Final Thoughts - Are We Buying Facebook Below $250?
 
 While Facebook or Meta might not explode right away, sometimes it takes a while to recover. We really like Facebook for shares or short puts down here at the lows. Getting into long-term positions will be key on Facebook and other beaten-down tech stocks. Just be prepared to hold. Facebook has a lot of great reasons why you should buy them, like their fundamentals being sound, their technicals lining up, and because they innovate all the time. It’s hard to pass them up when looking at everything together!

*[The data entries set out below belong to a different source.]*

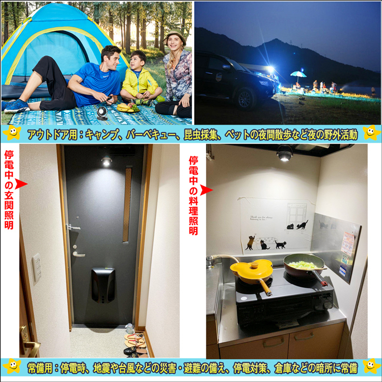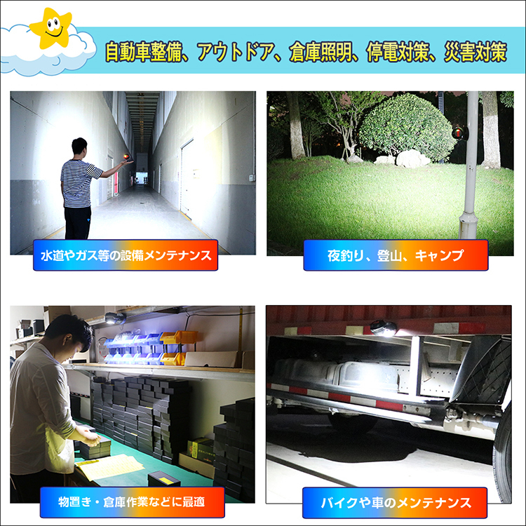 | 明るさ | 900LM | 充電指示ランプ | 充電中:赤ランプ点滅 充電完了:緑ランプ点灯 |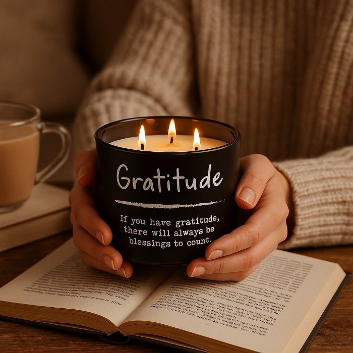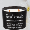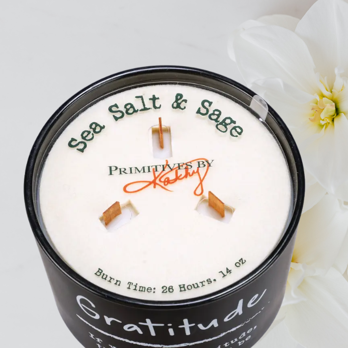 A matte black glass vessel holds this soy-based wax candle featuring a refreshing sea salt and sage scent with “Gratitude If You Have Gratitude, There Will Always Be Blessings To Count.” sentiment. This 14 oz. candle makes a perfect gift. Our Gratitude jar candle contains three wooden wicks for a total of 26 hours of burn time. Includes a plastic wax cover for protection and a polished look.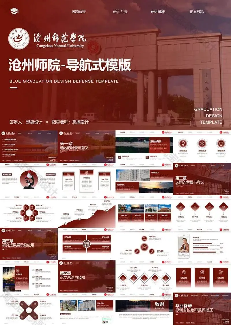 长沙师范学院毕业答辩PPT模板汇报幻灯片课件总结大学生作品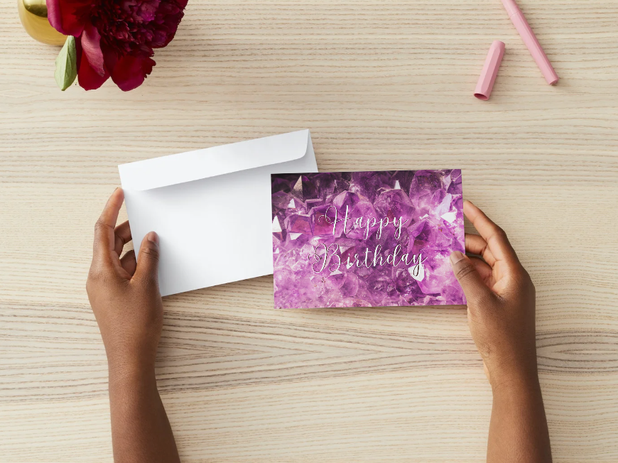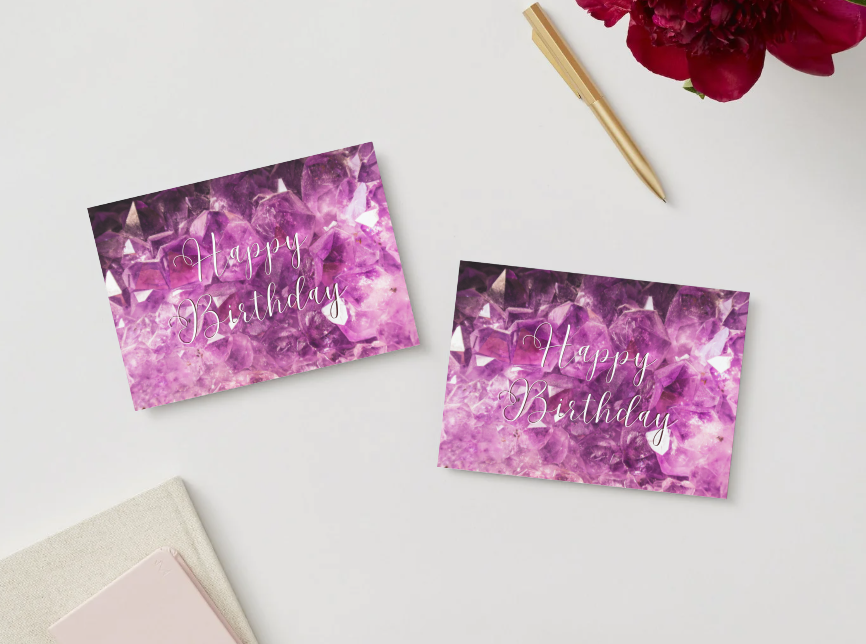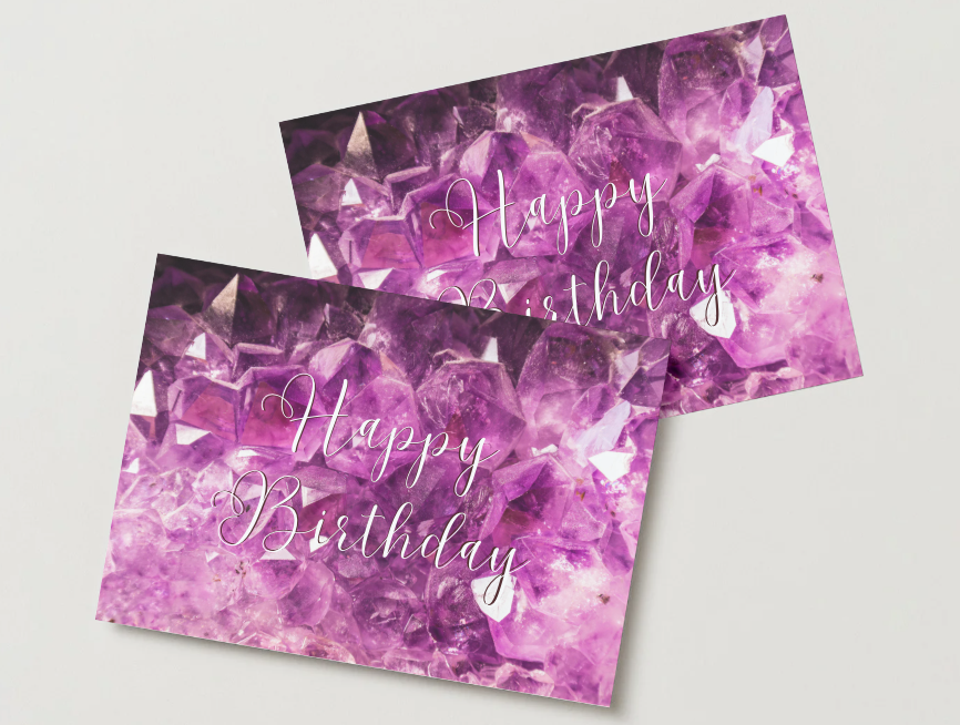 This printable birthday card features a striking amethyst inspired background paired with elegant typography. Ideal for milestone birthdays or anyone who loves a dramatic, modern aesthetic.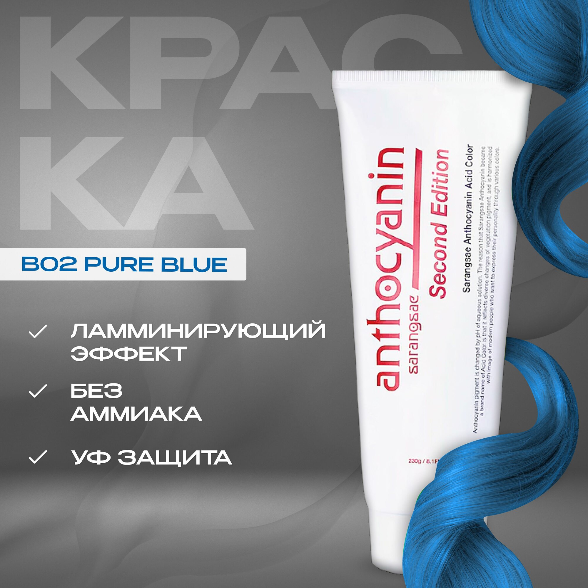 Anthocyanin Голубая краска для волос B02 - Pure Blue 230 мл профессиональная без аммиака ламинирующая
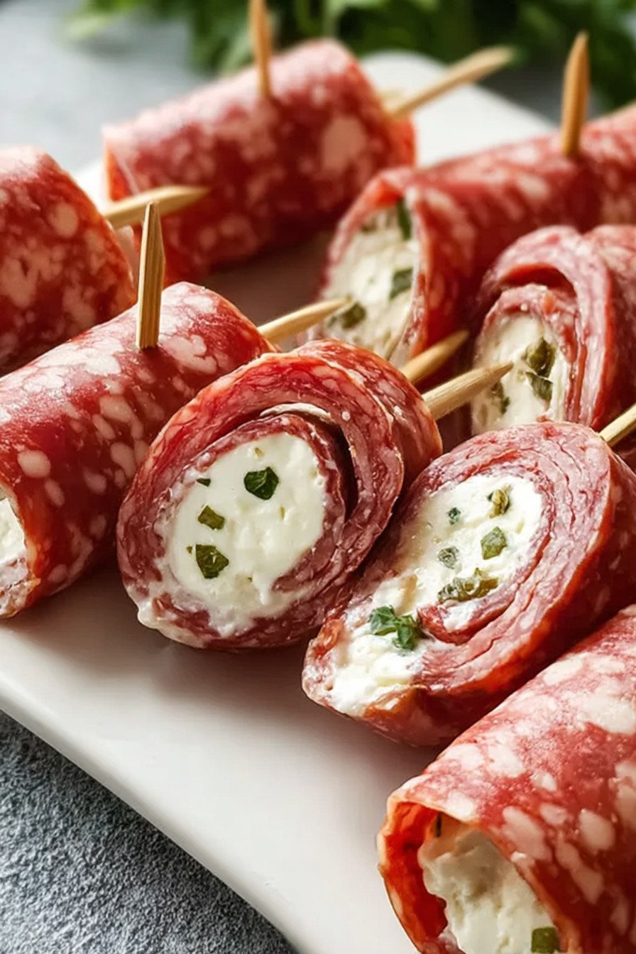 - Cream Cheese Salami Roll Ups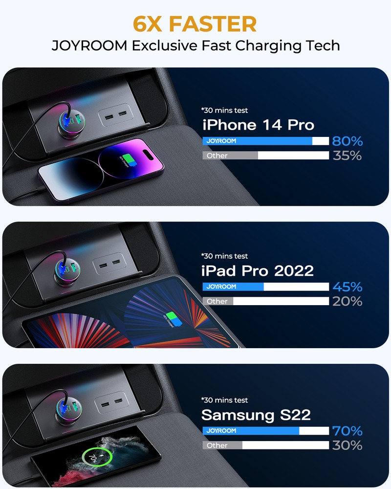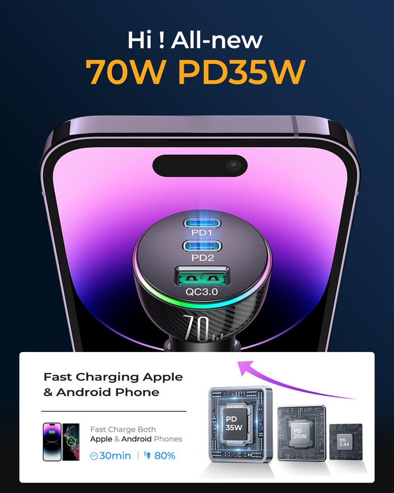 شارژر فندکی 70وات 3پورت جویروم Joyroom CAR CHARGER 70W JR-CL26

  This might not be the bottom on Facebook, but getting shares and averaging in will be so important over the next few months. Shorting puts and then implementing the wheel strategy would be impressive for a play on $FB. Here is a great video showing you how to set that up!! You pretty much short puts, possibly get shares, then sell covered calls with the shares you acquire. It’s an excellent way to play stocks for the long term and while having the odds in your favor. It can seem daunting to newer traders, but the time and effort put into learning the wheel will most definitely pay off.